[Data provided]:
"""
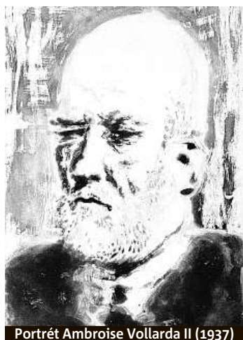
Portrét Ambroise Vollarda II (1937)

Picasso se v cyklu proměňuje v řeckého sochaře pracujícího na idyllickém ostrově. Otázky tvorby intenzivně narušuje jeho další alter ego, smyslný a destruktivní Minotaurus. Žádná vášeň ale nezůstává dlouho bez následků, bez viny a trestu. Ve výstavě je možno spatřit všech 100 listů, které Picasso vyryl a vyleptal pro svého přítele a galeristu Ambroise Vollarda. METRO
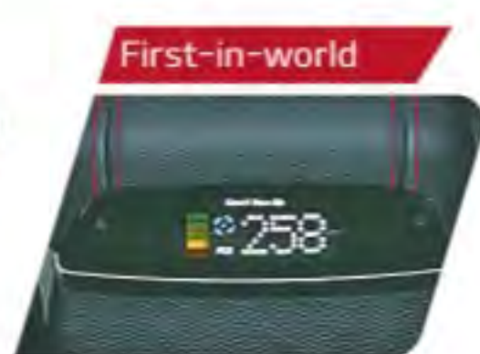
Smart Pure Air Purifier with UVO Controls
"""
[What to work on]: Reproduce the whole listing above character for character; pictures do not belong in it.

[Solution below]:
Portrét Ambroise Vollarda II (1937)

Picasso se v cyklu proměňuje v řeckého sochaře pracujícího na idyllickém ostrově. Otázky tvorby intenzivně narušuje jeho další alter ego, smyslný a destruktivní Minotaurus. Žádná vášeň ale nezůstává dlouho bez následků, bez viny a trestu. Ve výstavě je možno spatřit všech 100 listů, které Picasso vyryl a vyleptal pro svého přítele a galeristu Ambroise Vollarda. METRO
Smart Pure Air Purifier with UVO Controls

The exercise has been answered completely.